Are Christians more Spirit-filled than Muslims or Jews? Are Pentecostals more
Spirit-filled than United Church people? Are humans more special than polar
bears? Are we any more radiant that a rain forest or a toucan? We may have a
distinctive capacity to consciously appreciate the truth that all of creation is
Spirit playing with new forms. But this gift of conscious awareness (that may or
may not be unique to humans) was meant to be used the way Hafiz suggested – as
the reality that turns us into raving lunatics in love with God and all
creation. Instead humans have exhibited spiritual arrogance, at least for the
last three hundred years, in the assumption that the earth and her creature
exist to be colonized and terrorized by us.
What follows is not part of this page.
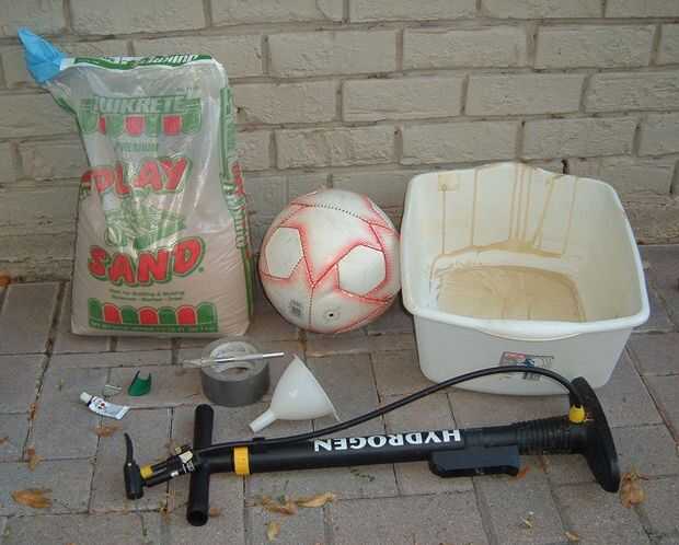 Mi esposa un 2,5 lb y balones medicinales de 5 libras para sus entrenamientos ligeros, pero no pudo encontrar lo que ella necesita en cualquiera de las tiendas de artículos deportivos. Pensé que yo podría hacer las bolas de medicina tamaño que quería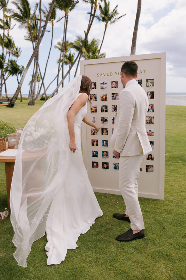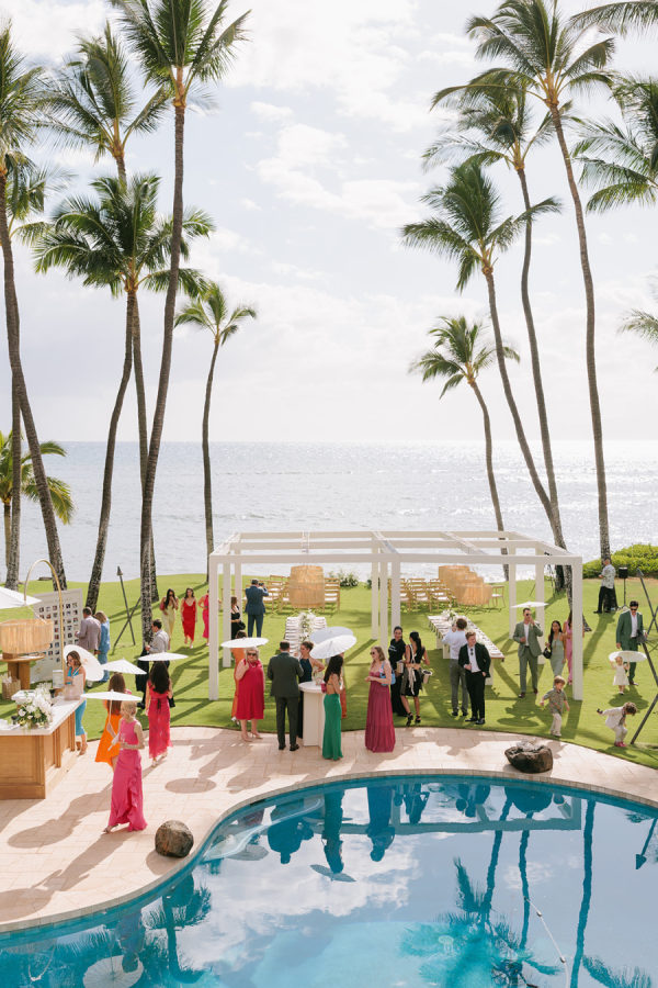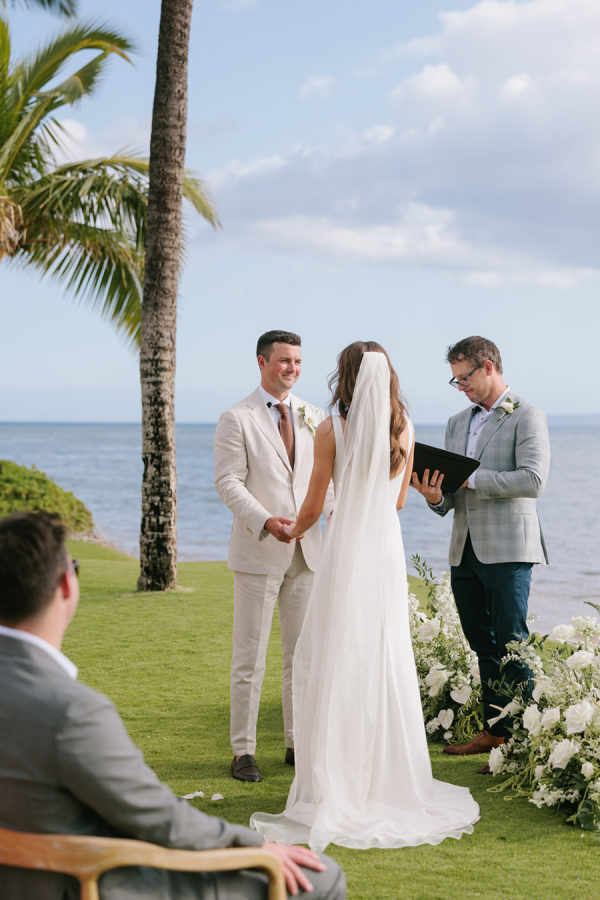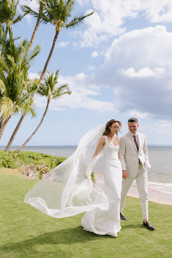 Photography: Melia Lucida, Photographer | Cinematography: Rem Films Hawaii | Event Planning & Design: Love Struck & Co. | Floral Design: Teresa Sena Designs | Wedding Dress: Alexandra Grecco | Invitations: Minted Weddings | Catering: Cutting Edge Catering | DJ: Maui Wedding DJ | Groom’s Attire: Suitsupply | Beauty: Meili Autumn Beauty | Bridal Veil: Ouma Couture | Content Creation: Maui Social Media BT | Linen: BBJ La Tavola | Location: Private Residence – Maui, Hawaii | Oysters: Oysters Hawaii | Rentals: Artisan Events Maui LLC | Rentals: Rio Event Design | Signage: Miss B Calligraphy

We’re at the end
of the Industrial Age, an era when humans believed that we were the exclusive
bearers of the Spirit, while the spiritless domain of the earth and her
creatures are for our consumption and acquisition of private wealth. Our cup is
shattered. We are not screaming drunk at the magnificence of the Holy One
because of this arrogance – and this attitude is destroying our planet.
I’m taking Joel at this word – the Spirit has been poured out upon all flesh:
all religions, and those who profess no religion; and all creation, human and
other-than-human. Those who recognize this gift are not superior, just ecstatic.
Those who gather to celebrate this gift in religious ceremony have no judgment
in their hearts, but rather love born of an awareness of the deep unity of all
life. We work to heal the planet and bring justice to the marginalized because
we are aware that life is sacred, a radiant expression of the Spirit. Let us
pray that God can gather up the remaining shards of arrogance and fashion from
them transparent vessels of grace. Let’s get drunk with humility and with
gratitude for this precious gift of life on earth.